Well and Truly There by the Beginning by Lucy Robin

Well and Truly There by the Beginning by Lucy Robin

Well and Truly There by the Beginning

Dad made his own bread on Saturdays in a yellow machine that said SUNBEAM

on it. The start button had caved in, so you had to stick a pen inside to press it.

When nobody was around, I tore off pieces of raw dough to chew on.

At the corkboard in the living room, I pointed to photos where I thought I looked

gay. Do babies cry because they need something, or because they can’t say it?

Once, I was the only one who realised the cat was missing, and two days later Dad found

her in a garbage bag on the nature strip. I take my girlfriend to look at the old house

from the outside, and she says it’s not as small as I made it out to be.

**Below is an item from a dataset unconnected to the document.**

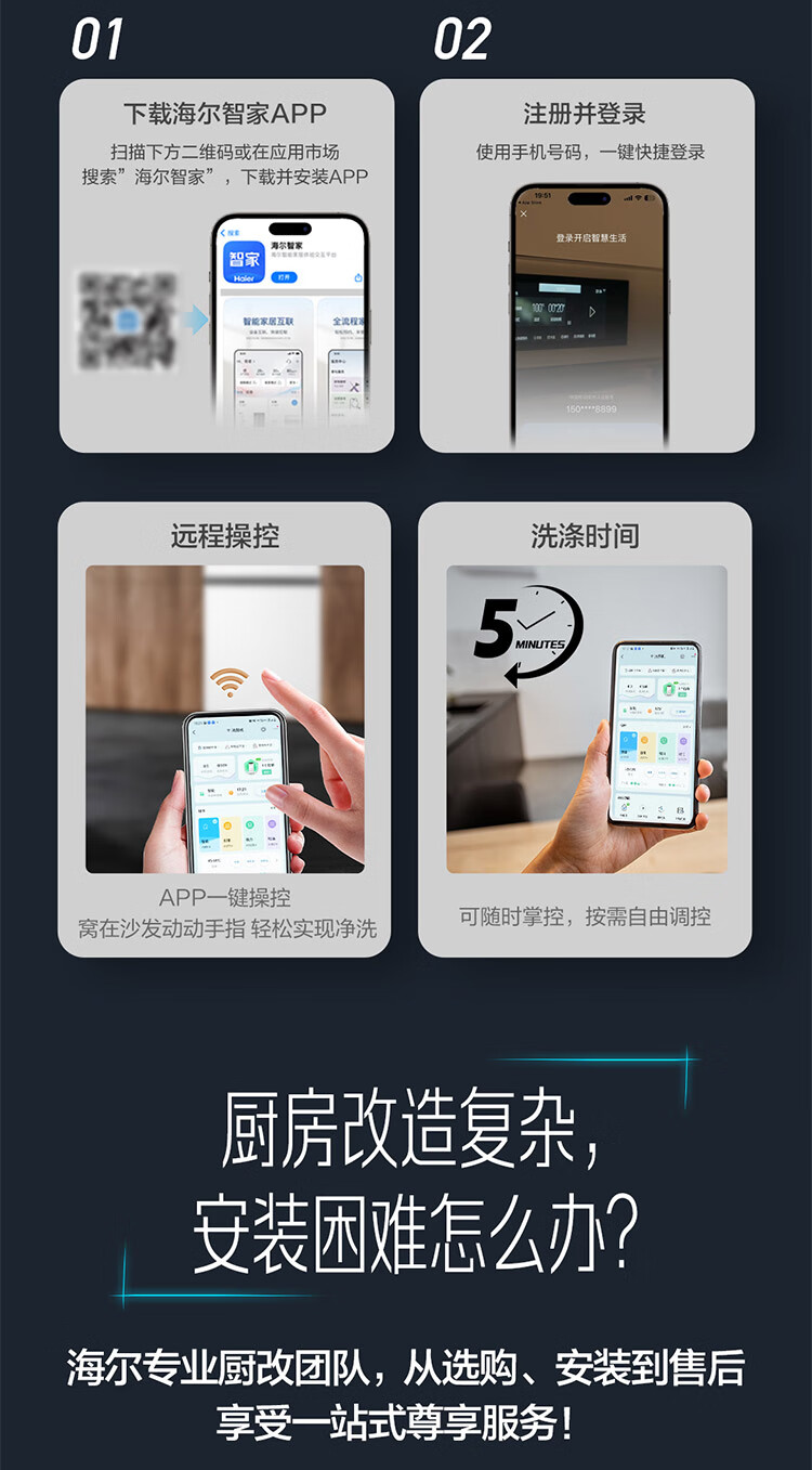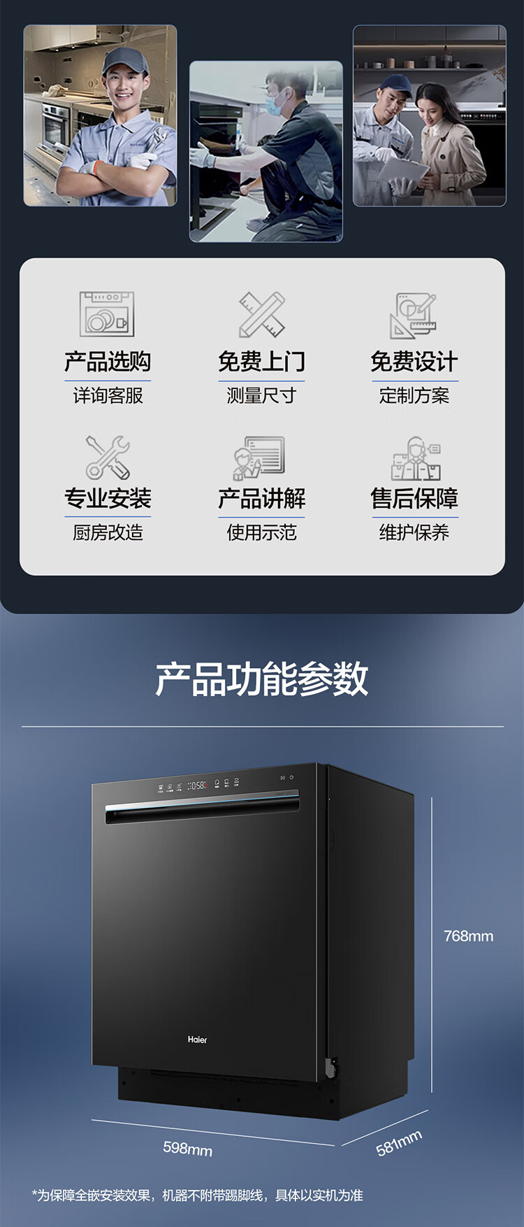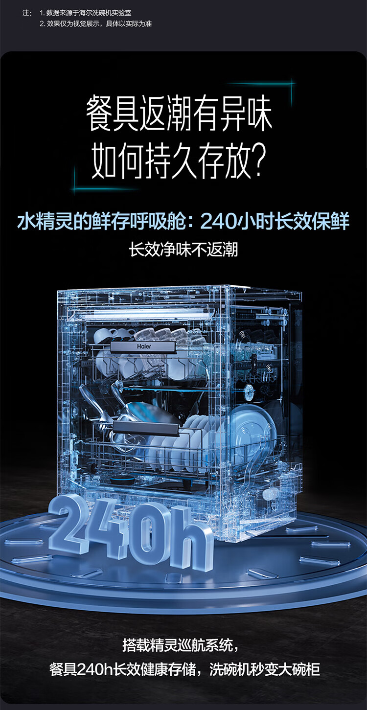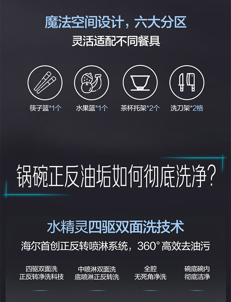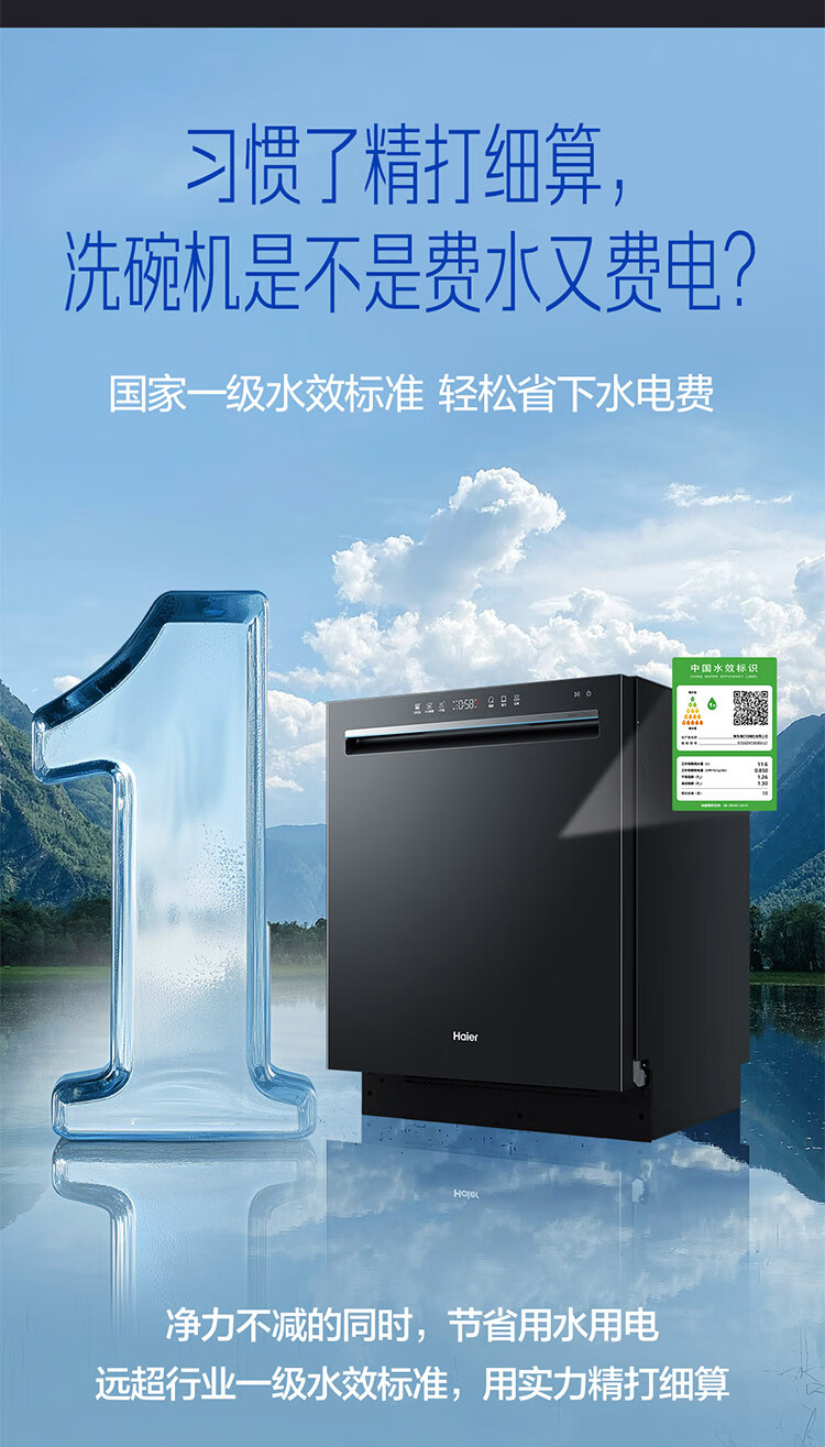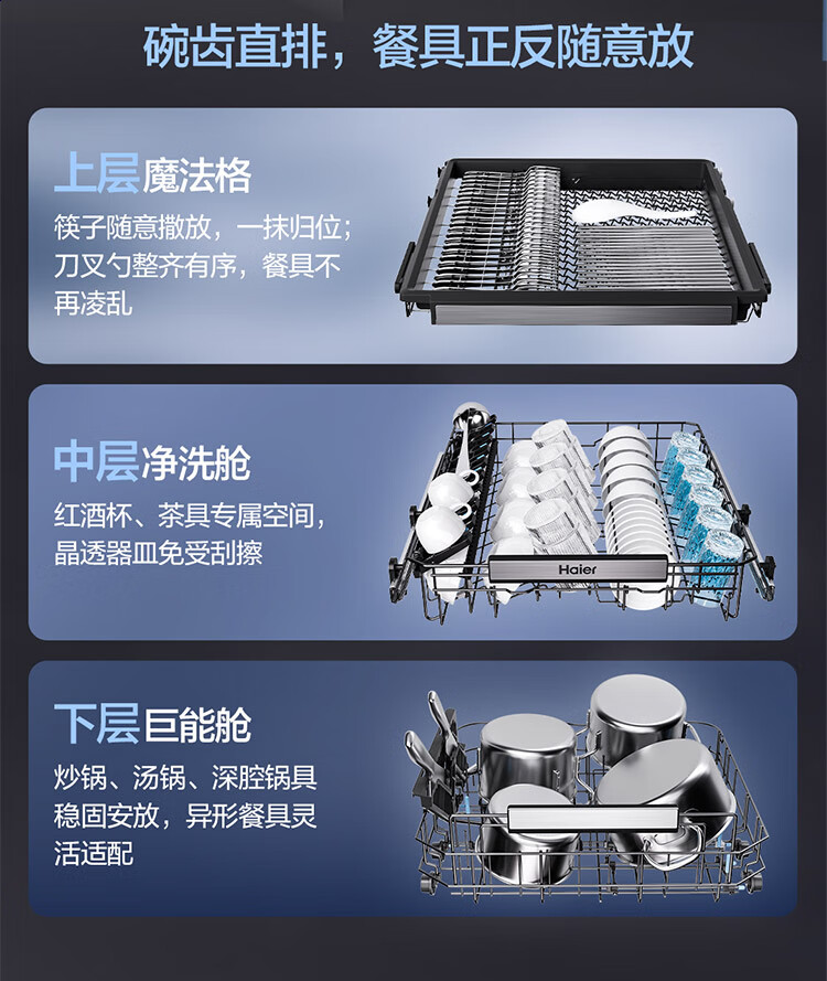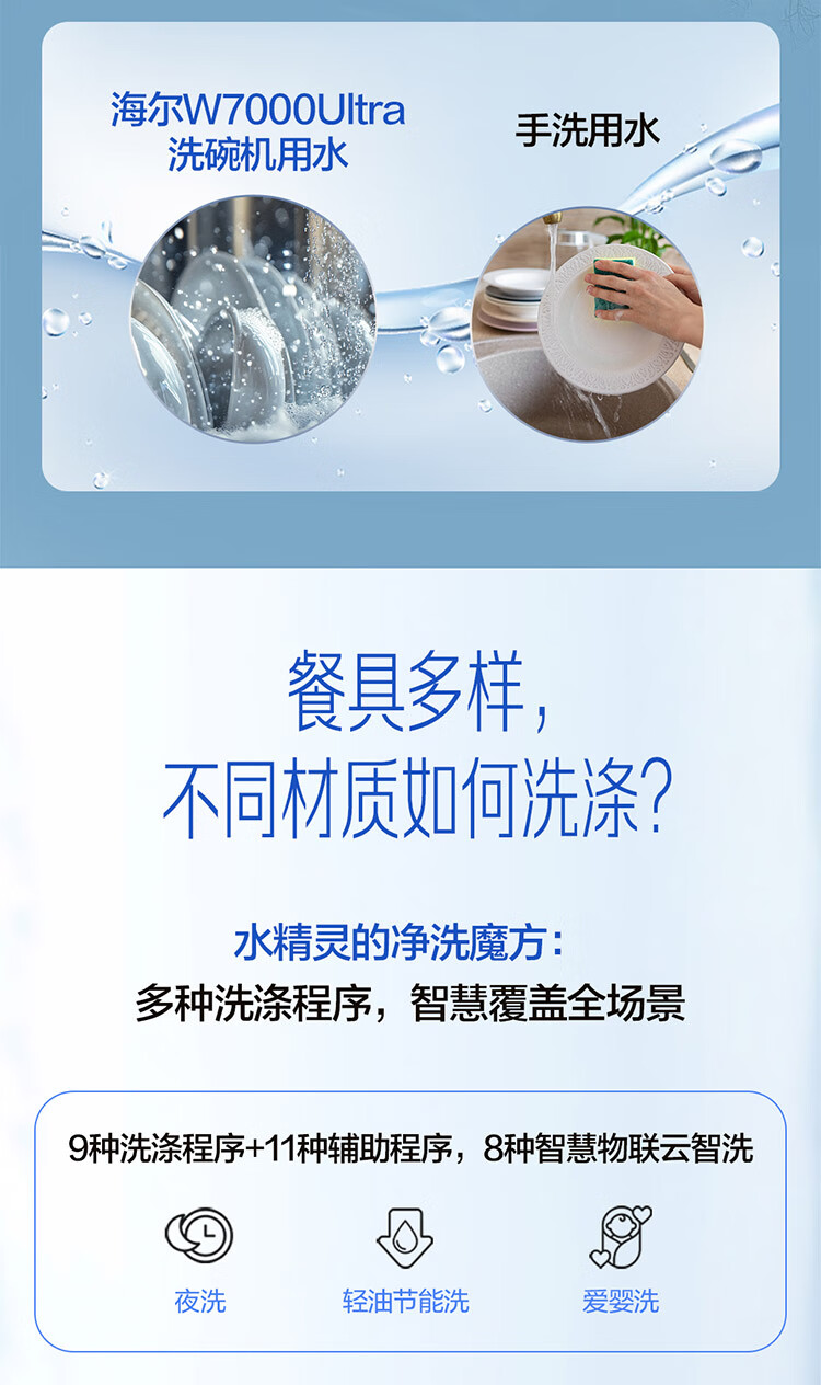 海尔(Haier)【W7000Ultra】四驱双面洗揽光洗碗机嵌入式18套+6大容量UV双重除菌智能开关门速干EYDSZW1858SHU1

Later, when she

takes off my boxers, she tells me to leave the blinds open. I am learning so much these

days: how forgiveness feels, how the truth is always left standing.

We are wracked by different voices: hers in doubt, mine in shame. Adrienne Rich wrote

this touch is political. Walking past the Vape Shop on the highway, a man rolls down his

window and screams YEAH! because of my arm around her waist. Staggering, how

cheerful she is in the driver’s seat. How when we go to the gallery, we enjoy different

things: she the infinitude of Pi, and I the bronze statues.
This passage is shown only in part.